WHAT THIS TASK INVOLVES ▸ Among the lines below, the one containing "Lapsi löytyi hoidosta" opens the range and the one containing "Reif is een" closes it. Print that range exactly, without the pictures.

DATA FOR THIS EXERCISE ▸
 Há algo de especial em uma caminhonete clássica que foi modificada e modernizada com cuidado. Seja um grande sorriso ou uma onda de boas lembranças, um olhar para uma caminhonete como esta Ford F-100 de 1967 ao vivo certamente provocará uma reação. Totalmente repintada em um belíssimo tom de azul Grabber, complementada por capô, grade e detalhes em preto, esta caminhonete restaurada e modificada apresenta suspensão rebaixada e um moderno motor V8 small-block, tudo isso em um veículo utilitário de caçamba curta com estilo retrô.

...

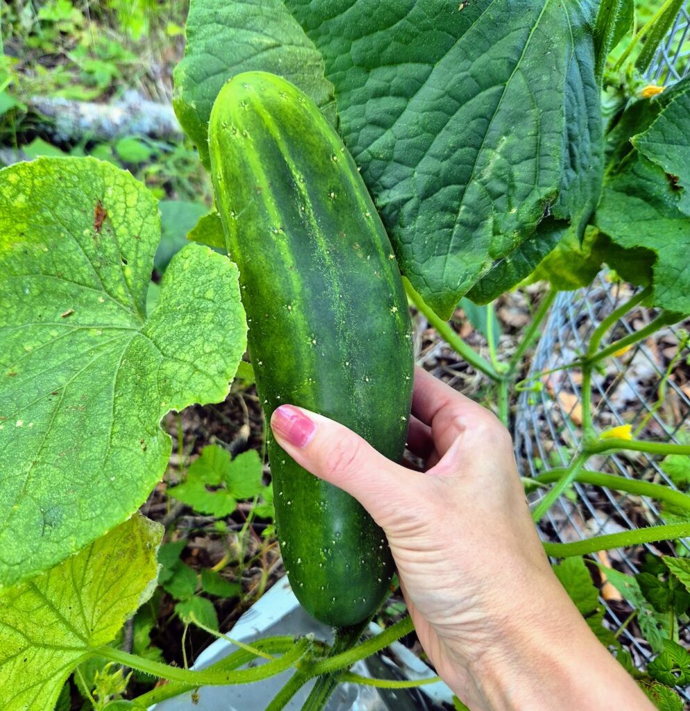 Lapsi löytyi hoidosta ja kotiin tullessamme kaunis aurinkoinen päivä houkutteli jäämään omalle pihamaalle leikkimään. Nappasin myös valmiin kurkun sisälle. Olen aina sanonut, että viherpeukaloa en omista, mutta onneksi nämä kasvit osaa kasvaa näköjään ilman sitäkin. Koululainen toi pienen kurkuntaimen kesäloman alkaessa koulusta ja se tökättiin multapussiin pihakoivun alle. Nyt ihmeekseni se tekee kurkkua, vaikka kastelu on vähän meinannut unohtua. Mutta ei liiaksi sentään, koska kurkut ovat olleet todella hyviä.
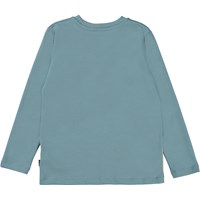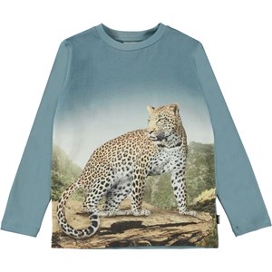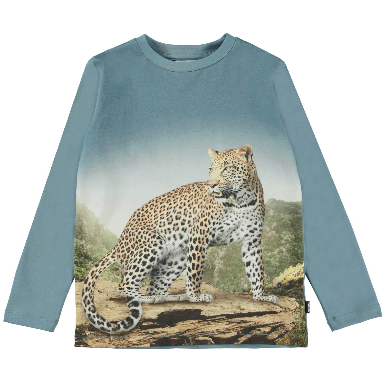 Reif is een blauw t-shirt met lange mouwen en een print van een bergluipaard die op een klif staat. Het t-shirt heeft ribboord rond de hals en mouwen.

WORKED SOLUTION ▸
 Lapsi löytyi hoidosta ja kotiin tullessamme kaunis aurinkoinen päivä houkutteli jäämään omalle pihamaalle leikkimään. Nappasin myös valmiin kurkun sisälle. Olen aina sanonut, että viherpeukaloa en omista, mutta onneksi nämä kasvit osaa kasvaa näköjään ilman sitäkin. Koululainen toi pienen kurkuntaimen kesäloman alkaessa koulusta ja se tökättiin multapussiin pihakoivun alle. Nyt ihmeekseni se tekee kurkkua, vaikka kastelu on vähän meinannut unohtua. Mutta ei liiaksi sentään, koska kurkut ovat olleet todella hyviä.
 Reif is een blauw t-shirt met lange mouwen en een print van een bergluipaard die op een klif staat. Het t-shirt heeft ribboord rond de hals en mouwen.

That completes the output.